无声的淘汰:为什么德国正在浪费其最有经验的一代
德国期望其公民工作到67岁——与此同时,却几乎忽略了所有为这一期望提供现实基础的必要措施。任何在50岁以后失业的人都将面临德国劳动力市场最残酷的现实之一:社会期望人们工作到标准退休年龄与实际就业状况之间存在巨大鸿沟,以至于很难再称之为一个协调一致的体系。2025年3月,仅在55岁至65岁以下年龄段,就有约691,295人登记失业——尽管如此,或者或许正是因为养老金法规不再允许任何替代方案,这种情况依然存在。此前允许年长失业者免于接受工作安置的所谓“58岁规则”已被废除。自此,他们不得不重新进入劳动力市场——一个在结构上排斥他们的市场。.
将退休年龄提高到67岁在政治上被认为是应对人口结构变化和预期寿命延长的必要措施。其基本逻辑看似合理:寿命延长的人也必须缴纳更长时间的养老金,以防止现收现付制养老金体系崩溃。到2035年,大约四分之一的德国人口将达到或超过67岁的退休年龄。与此同时,预计到2035年,劳动年龄人口将减少400万至500万人。政治上的失误不在于方案本身,而在于未能落实必要的条件:任何想要延长工作年限的人都必须确保老年人确实有切实可行的机会工作到退休年龄。而这种保障在很大程度上仍然缺失。.
剩下的是一个史无前例的悖论:国家要求延长工作年限,企业却几乎不雇用50岁以上的人,而受影响的人则被置于困境。立法者和企业都没有真正承担起责任。相反,他们利用一些统计上难以察觉的缓冲措施——部分退休、扣除工资的提前退休以及悄悄提前退休——这些措施或许能改善失业率,但却给受影响的人带来长期的经济负担。在德国,约有60%的员工无法在原岗位上达到法定退休年龄。这并非无关紧要的小事——这是整个系统性承诺在统计上的失败。.
没有面孔的数字:老年人失业的无声流行病
德国联邦就业局公布的严峻数据显示,德国的失业率在政界鲜少被提及。2024年,德国平均失业率升至6%,2025年3月则为6.4%。老年劳动者的失业率结构性更高,更重要的是,老年失业者很可能长期处于失业状态。老年人失业几乎等同于长期失业。这并非主观臆断,而是劳动力市场研究人员多年来一直在记录的、有据可查的实证关联。.

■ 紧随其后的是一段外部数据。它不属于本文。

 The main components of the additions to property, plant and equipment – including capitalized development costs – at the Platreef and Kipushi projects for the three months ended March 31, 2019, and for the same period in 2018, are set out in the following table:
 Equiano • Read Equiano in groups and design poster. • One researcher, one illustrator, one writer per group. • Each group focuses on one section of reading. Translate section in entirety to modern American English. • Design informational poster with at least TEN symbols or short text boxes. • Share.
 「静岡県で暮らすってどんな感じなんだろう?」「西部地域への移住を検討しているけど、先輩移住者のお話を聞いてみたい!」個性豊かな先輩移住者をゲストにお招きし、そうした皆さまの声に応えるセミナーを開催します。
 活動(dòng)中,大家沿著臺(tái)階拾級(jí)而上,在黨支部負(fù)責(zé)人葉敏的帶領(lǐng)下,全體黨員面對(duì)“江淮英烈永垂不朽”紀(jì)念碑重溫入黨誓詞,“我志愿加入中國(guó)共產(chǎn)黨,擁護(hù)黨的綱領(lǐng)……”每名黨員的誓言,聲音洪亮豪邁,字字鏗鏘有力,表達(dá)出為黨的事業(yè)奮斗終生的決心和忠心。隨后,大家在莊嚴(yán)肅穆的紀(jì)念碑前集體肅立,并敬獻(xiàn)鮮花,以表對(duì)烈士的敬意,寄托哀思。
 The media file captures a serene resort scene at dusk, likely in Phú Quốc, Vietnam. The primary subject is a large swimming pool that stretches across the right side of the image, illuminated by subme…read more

按年龄组划分的再就业率尤其发人深省。47至49岁人群中,约有80%的人在失业后的24个月内找到了需要缴纳社会保障金的工作,但57岁以上失业人群的这一比例要低得多。在58至60岁年龄组中,只有27%的失业女性能够重返职场。男性的情况稍好一些,但即使如此,这一比例也下降到了42%。这些数据令人担忧——并非因为它们出乎意料,而是因为这种情况早已为人所知,却几乎没有引发任何政治制裁。.

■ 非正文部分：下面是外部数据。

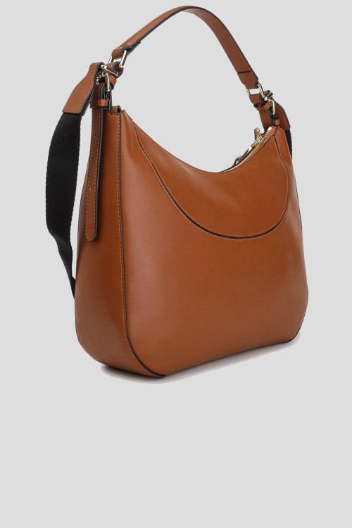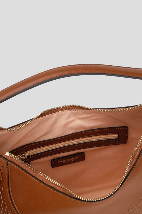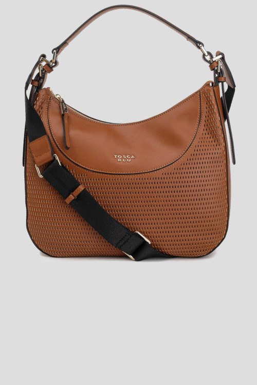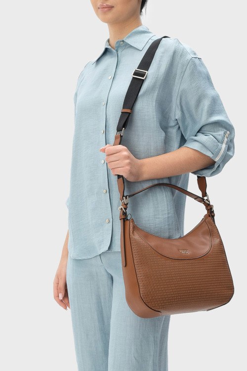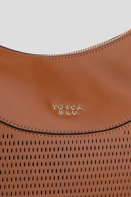 Детали: Женская коричневая кожаная сумка хобо от Tosca Blu (Тоска Блу). Модель из гладкой кожи, значок логотипа, золотистая фурнитура, дизайн с перфорацией, круглая ручка, регулируемый плечевой ремень, застежка-молния, одно отделение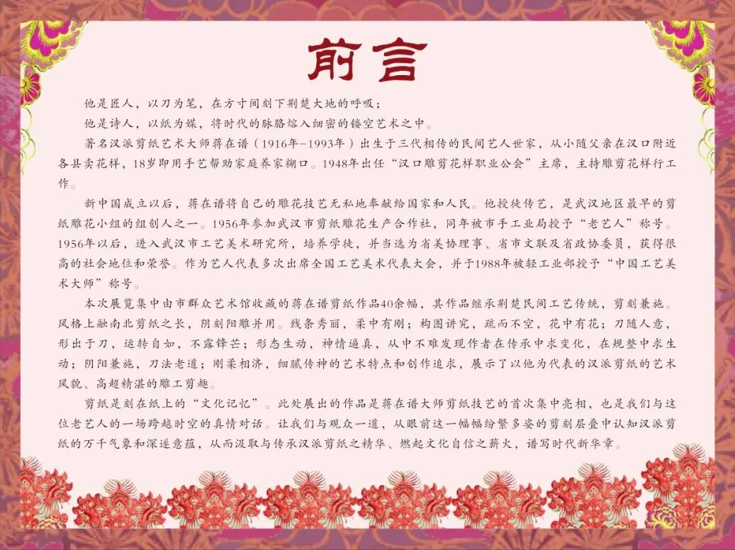 本次展览首次集中展出由武汉市群众艺术馆珍藏的蒋在谱先生40幅经典剪纸作品!现场展柜里同时还展出蒋在谱大师的再传弟子、青年剪纸艺术家、剪纸收藏家葛海先生的上世纪蒋老留存实物及珍稀剪纸作品,整个展览一直延续到7月13日。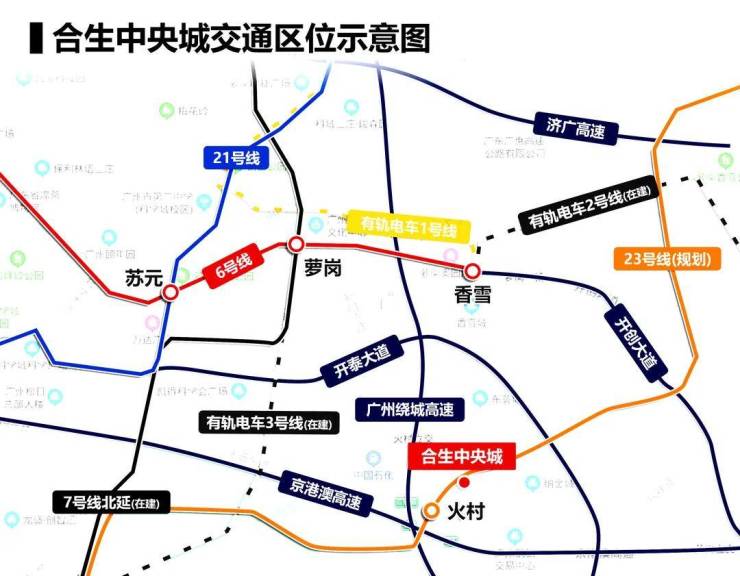 地铁出行:距离最近的地铁6号线香雪站约2.6公里,骑行电动自行车约10分钟可达,步行需30分钟左右,日常出行可通过骑行接驳地铁,便捷直达广州各地;周边规划有地铁23号线,线路全长45.1km,终点为赤沙滘-坭紫,串联海珠、天河、黄埔、增城四大区,规划站点包含火村站,距离项目较近,目前该线路仍处于规划阶段,具体建设时间及开通时间可关注官方公示,未来开通后,将大幅提升项目交通便捷度,进一步凸显区位优势。此外,周边还有7号线(二期在建中)、21号线经过,未来可通过换乘,直达天河、番禺、顺德等区域,出行更加便捷。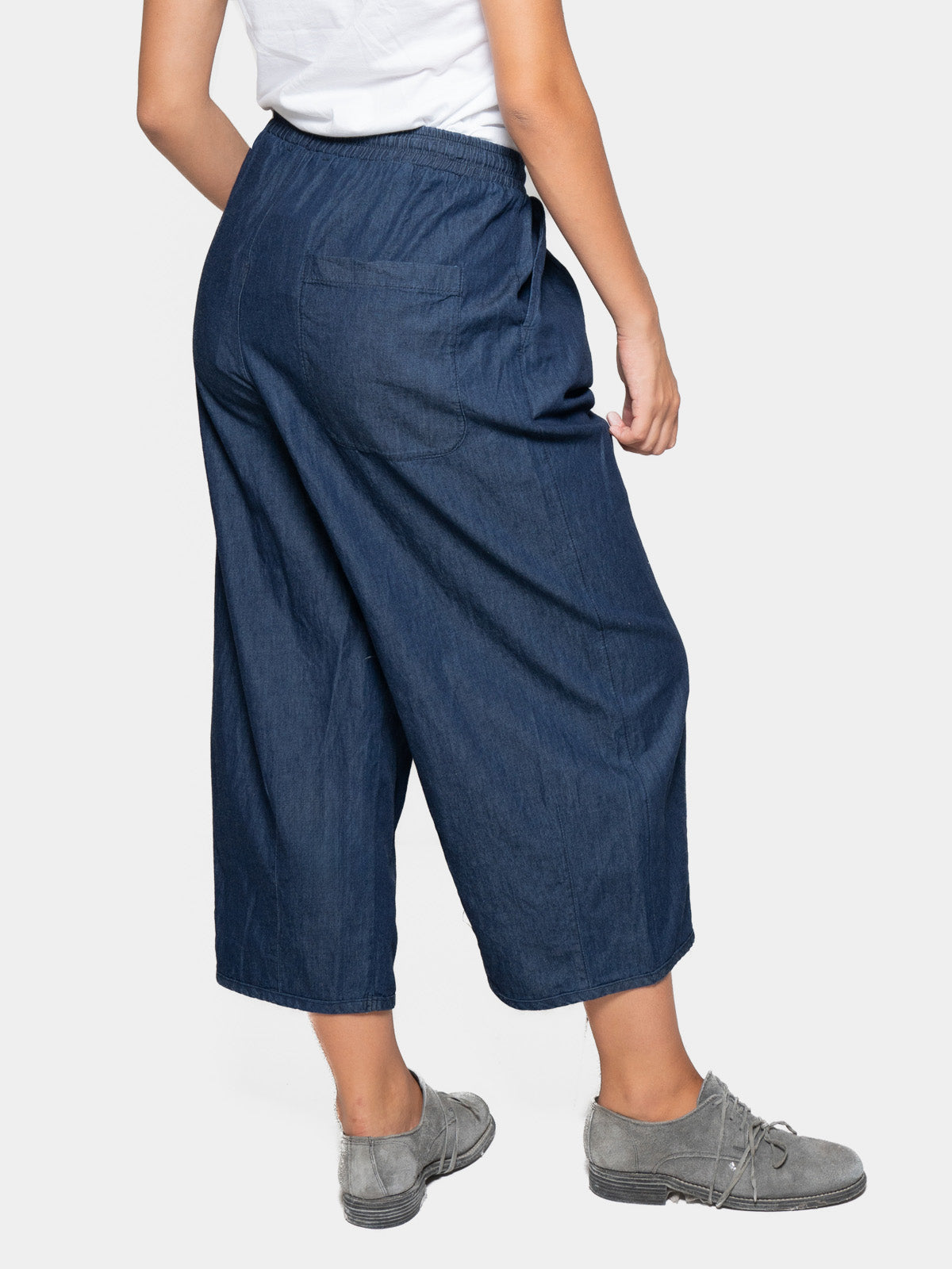 Experience the joy of on-trend comfort as you navigate your day with ease. This culotte embodies a casual sophistication that seamlessly transitions from laid-back moments to more refined settings. They are known for their versatility and can be dressed up or down, making them suitable for both casual and semi-formal settings. The wide-legged silhouette provides a graceful sway with each step, mimicking the fluidity of a skirt while retaining the practicality of pants. Combining the culottes with a simple and casual T-shirt creates a laid-back everyday look with sneakers or sandals. For a more sophisticated appearance, pair the culottes with an elegant blouse adding a pair of high heels for an extra touch of elegance. Fit: Relaxed. Details: Elastic tie waist, culotte style. Fabric: Woven, 100% Cotton. Model: 1.71 meters = 67.3228 inches wearing size S

这种结构性排斥造成的经济后果十分严重。长期失业者不仅失去收入,还会损失养老金。法定养老金水平目前仅能覆盖最后净工资的约48%,而且未来还将继续下降。许多人面临着养老金收入30%至50%的缺口。2025年,德国官方规定的单身人士贫困线为每月1314欧元(净收入),而超过一千万退休人员的月收入不足1100欧元(净收入)。据统计,德国约有54%的退休人员面临贫困风险。因此,任何50岁以后失业且未能重返工作岗位的人,不仅可能在余下的职业生涯中度过贫困,而且整个退休生活都将陷入经济困境。.
年龄歧视:日常生活中存在的禁忌现象
自2006年起,《一般平等对待法》(AGG)禁止就业和职业领域的年龄歧视。该法第7条明确规定,任何基于年龄进行不合理区分的法规均属无效。法律依据清晰明确,但现实情况却并非如此。民意调查机构GMS开展的一项代表性调查显示,德国16岁以上人群中有45%曾遭受过年龄歧视。在职场中,39%的受害者表示曾因年龄而被排斥——职场是迄今为止提及最多的歧视发生场所。德国联邦反歧视独立专员明确指出,年龄歧视是劳动力市场面临的最大问题之一。.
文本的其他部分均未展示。